What this script does

This script takes a LTSpice (IV, XVII) circuit file (*.asc) and tries to convert it to a LaTeX document containing a pgf/TikZ picture of the schematic, using the CircuiTikZ package to draw the symbols. The document can then be compiled, e.g. into PDF format.

Take a look at this example PDF file produced from this sample document (direct comparison).

Currently supported features:

  • Wires with automatic junction creation
  • Text nodes (with support for font-size selection) and Net Labels (with automatic GND conversion).
  • Graphic elements (lines, rectangles) with line-style support
  • Basic schematic LTSpice library elements (R, L, C, Sources, Transistors, Opamp)
  • Almost the complete CircuiTikZ symbol library (as of 2017-05) is available as LTSpice symbols. Many come with different style options to choose from. Where possible, these symbols have been derived using the native Spice elements, which means that circuits drawn with these symbols also work for simulations. This might require adding/specifying device models in a similar way as it is required for the generic symbols from Linear.
  • New symbols can be added by creating them in LTSpice and a simple *.asy2tex ASCII file with instructions how to represent that symbol as TeX commands.

Requirements

  1. LTSpice (IV, XVII) circuit file (*.asc)

  2. Python 3.4+ or Windows system when using precompiled executable. (3.4 is currently the latest python version that works with py2exe, in case you want to build your own executable).

  3. Copies of the symbol files (*.asy) of all used circuit elements in the sym32a subfolder of the script at the same relative path as they are in your LTSpice library

    • To use the supplied library, copy the sym32a\circuiTikz directory to your LTSpice library sym directory (C:\Users\[username]\Documents\LTspiceXVII\lib\sym on Windows with version XVII, or [LTSpiceIVInstallDir]\lib\sym for version IV). You don't need to copy the *.asy2tex files, but LTSpice is smart enough to ignore them if you do so.
    • The circuiTikz folder in your LTspice lib directory should be at lib\circuiTikz. Do not copy the sym32a folder itself to lib, only its circuiTikz subdirectory!
  4. Conversion files *.asy2tex with the same name as the symbol. Symbol files and conversion files for many circuit elements are packaged with the script.

  5. LaTeX with the standalone, circuitikz, tikz, pgfplots, packages installed. The default preamble also requires amsmath, amssymb,bm,color,pgfkeys,siunitx,ifthen,ulem, but you might be able to get along without them by removing the \usepackage lines.

Usage

To convert a file just call lt2ti.py with the full path to the *.asc file you want to convert as argument. E.g. if you want to convert the file D:\testdrive\catalog.asc, with the script in D:\scriptdir\LT2circuiTikz\ run

python "D:\scriptdir\LT2circuiTikz\lt2ti.py" "D:\testdrive\catalog.asc">run.log

or, when using the executable

"D:\scriptdir\LT2circuiTikz\lt2ti.exe" "D:\testdrive\catalog.asc">run.log

You will then find your converted file at D:\testdrive\catalog.asc.tex

Compile this file with pdflatex

pdflatex "D:\testdrive\catalog.asc.tex"

to finally get a PDF document D:\testdrive\catalog.asc.pdf with your shematic.

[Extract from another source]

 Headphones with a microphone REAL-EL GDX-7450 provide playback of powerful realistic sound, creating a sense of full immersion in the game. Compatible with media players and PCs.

Please note that you might want to change the extension to a simple .pdf in order to not confuse LaTeX when then using the PDF in another LaTeX document.

Testrun

Use the supplied test_lt2ti.bat file to test your python setup with lt2ti.py on an example file.

Use examples\compile_catalog.bat to compile a pdf from the catalog example file to test your latex setup.

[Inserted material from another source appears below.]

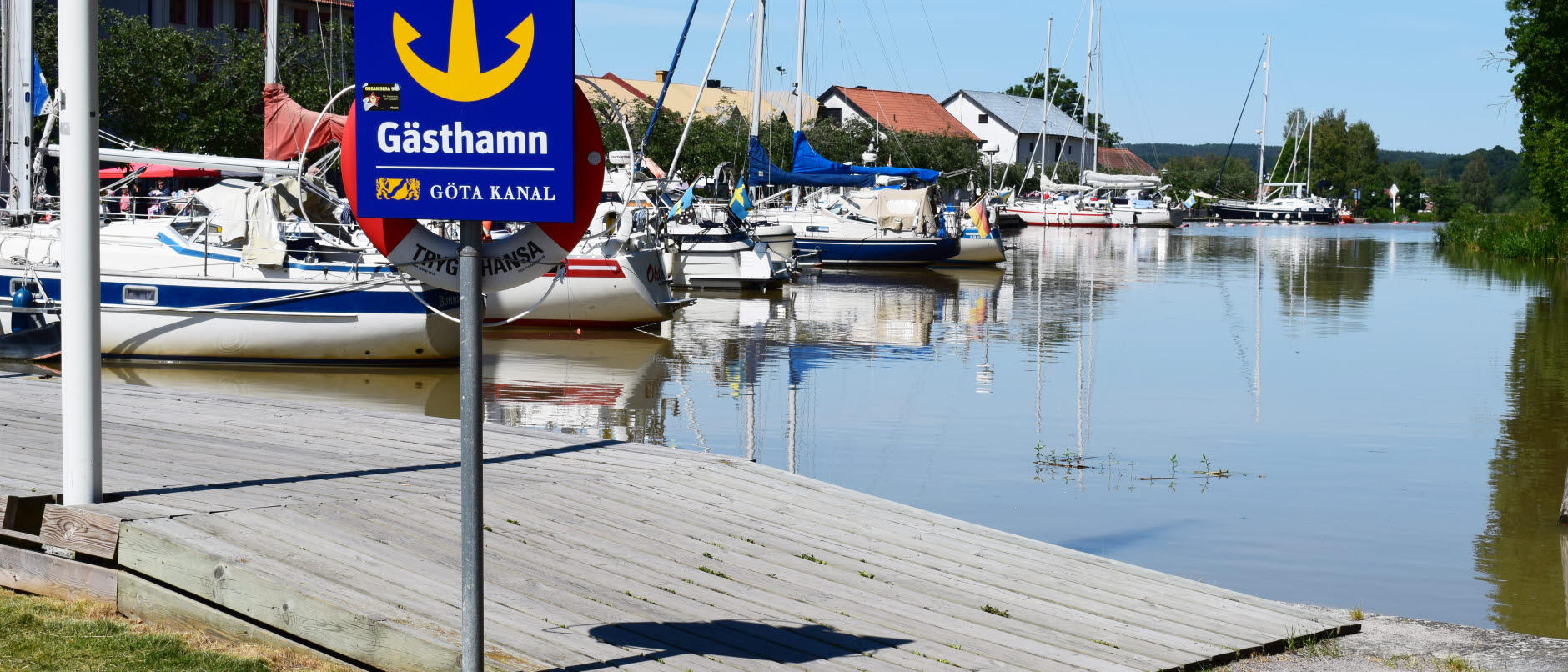 Bild visar en *Gästhamnsskylt framför en brygga med båtar i Göta kanalhamnen i Söderköping.

The expected outputs are present in the package (and get overwritten, so create copies if you want to compare the results. Alternatively, use git to diff for deviations).

Scripting

If you want to automate this script even further, you can use it as a python module:

import lt2ti;
fn = r'examples\catalog.asc';
l2tobj = lt2ti.lt2circuiTikz();
l2tobj.readASCFile(fn);
l2tobj.writeCircuiTikz(fn+r'.tex');

Why you might want to use this script

If you want to quickly create large, professional looking, publication ready schematics, this script will vastly reduce the time required to get you there.

Limitations

If you are already familiar with CircuiTikZ and write large schematics using it with ease, this script will only complicate your workflow. However, when you already use LTSpice for simulations, you might at least want to try it.

As with most automatically generated code, the output of the script is not as nicely formatted and structured as the result coming from a skilled human. More precisely, it uses absolute coordinates and it groups circuit elements by type and not by semantics. This means that you will find the wires of a voltage divider in a different part of the document than the resistors. The visual result is the same, but the LaTeX code structure could be improved.

Due to the limited graphical capabilities of LTSpice schematic capture (which aims at simulation, not publication), there are limits of what can be achieved without editing the LaTeX output. Especially the grid of LTSpice is rather rough and therefore limits component placement but helps to achieve consistent looking schematics.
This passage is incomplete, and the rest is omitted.